Application Design (was Re: Testing the waters.)

Adam Alpern alpern@ns2.brightware.com
Fri, 9 May 1997 11:06:54 -0700


Chris Bitmead:
;; If you have a POS, you will want to write all your algorithms without
;; thinking about the disk. If you move to a non-POS environment you

I write my algorithms without thinking about the disk anyway, unless I
happen to be writing applications that deal with huge amounts of
data. Then, I try to be careful not to write code that will cause page
thrashing.
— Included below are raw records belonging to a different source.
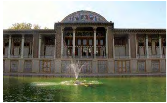
تصویر ۴. نمای روبرو از ضلع شرقی باغ عفیف آباد، تاجگذاری یکی از پادشاهان ساسانی، مأخذ: همان
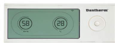
Bezdrôtový diaľkový ovládač DRC1
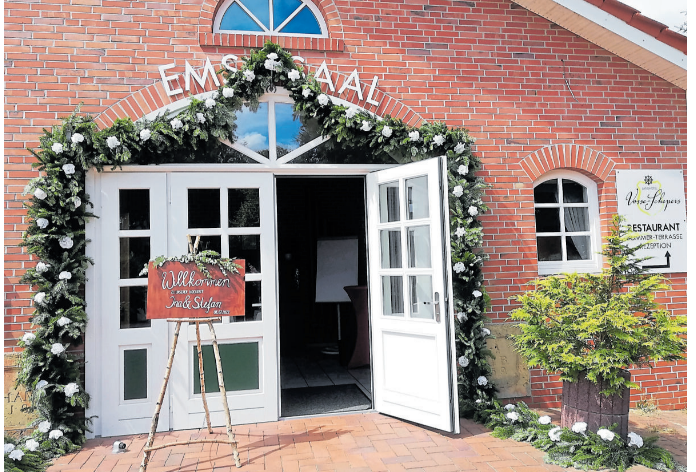
Der große Ems-Saal hat seit seinem Bestehen 1997 schon viele glückliche Brautpaare willkommen heißen dürfen.

nachbarlichen Gebäudes entstanden 1982 zwei Bundeskegelbahnen, welche viel Zuspruch fanden. Etliche Kegelclubs wurden neu gegründet und bestehende wechselten zu Vosse-Schepers nach Rhede.

If some of your objects are in memory and some are on disk,
and you don't care, you're going to thrash the disk.

;; would have to load all objects into memory up front before setting
;; your algorithms into action. This is of course an appalling waste of
;; memory.

And operating directly on disk-based objects is an appalling waste of
time. 6 of one...

;; Alternatively you can pollute your entire source code with file
;; handling stuff. Very ugly by comparision.

You seem to want to force the world into your view that not having a
POS means the ENTIRE APPLICATION gets written differently. I don't
know how you came to be of this opinion, but if you think that using
regular files means you have to "pollute your entire source code with
file handling stuff", then I don't ever want to use your code.

In my last message I mentioned how I converted an app from using flat
ASCII files for persistence to using a persistent heap. 

NOT ONE LINE OF THE MAIN APPLICATION CHANGED. All I did was redirect a
few high-level methods like #'save-object and #'load-object.